Likewise, when the once-hawkish Mr. Reagan pursued arms-control agreements with Mikhail Gorbachev 15 years later, hardliners were aghast. From the National Review to Republican Senator Jesse Helms, former supporters of the Reagan presidency felt a special sense of betrayal. Mr. Reagan defended the arms-control treaties by saying America would “trust but verify.” But for hardline conservatives, this phrase was nonsense: How could the Soviets ever be trusted? The Wall Street Journal published several editorials in the winter of 1987-88 condemning Reagan for being “snookered into letting the Soviets turn arms-control talks to their own purposes.” For the hardliners, Eisenhower’s summits, Nixon’s rapprochement, Reagan’s détente and now Mr.

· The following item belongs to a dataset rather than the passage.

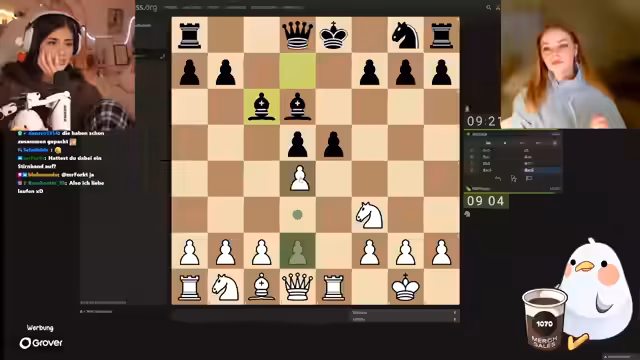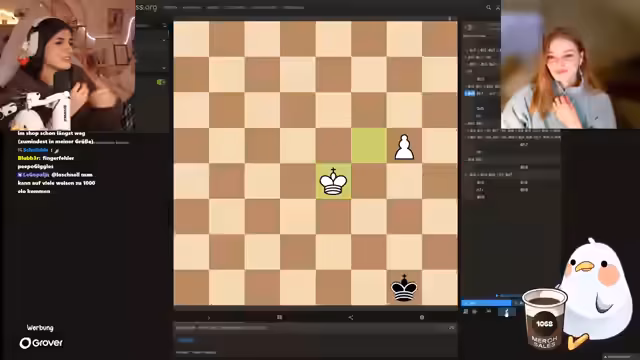 00:21:41Nach einem kurzen telefonischen Austausch mit Sonja beginnt der gemeinsame Stream. Die technische Einbindung in den Discord-Chat gestaltet sich etwas holprig. Der Streamer wechselt in sein OBS-Setup, um eine bessere Qualität zu gewährleisten. Anschließend beginnen sie mit dem geplanten Schach-Training. Der Fokus liegt auf elementaren Bauernendspielen, insbesondere auf der strategischen Bedeutung der 'Opposition' – einer Position, in der sich die Könige gegenüberstehen und ein Feld dazwischen ist.

Obama’s nuclear deal all follow in the shameful tradition of the Yalta accords.

But for all the doomsaying, Mr. Nixon’s China opening turned out to be hugely significant. By breaking a 23-year-old taboo on negotiating with the leaders of the world’s most populous nation, America exploited the Sino-Soviet split to create a new global balance of power. Likewise, virtually all historians today recognize that the Reagan-Gorbachev summits helped end the four-decade standoff between the nuclear superpowers peacefully. When conservatives praise the Gipper for winning the Cold War, they’re praising policies they themselves opposed.

After a decade in the background, the 9/11 attacks brought back the hardline approach in the form of the Bush doctrine of unilateralism, pre-emption and regime change in a world divided between good and evil. And as the backlash against the Iran deal and the recent Republican presidential primary debates have demonstrated, the mind-set that began at Yalta has left a lasting imprint on Republican foreign-policy thinking.

Iran may be a radical and deeply anti-Western regime that has sponsored brutal militias across the Middle East. But in the face of such foes, American interests have in the past been advanced best through diplomacy, not isolation.

In hurling brickbats at the president, the modern-day inheritors of the hardline tradition — from the Republican leadership to Democratic Senator Chuck Schumer — are simply reminding Americans of earlier episodes of right-wing rejectionism. Today, those past backlashes against important diplomatic overtures appear discredited and foolish

Dr Nicole Hemmer and Tom Switzer are research associates at the United States Studies Centre at the University of Sydney.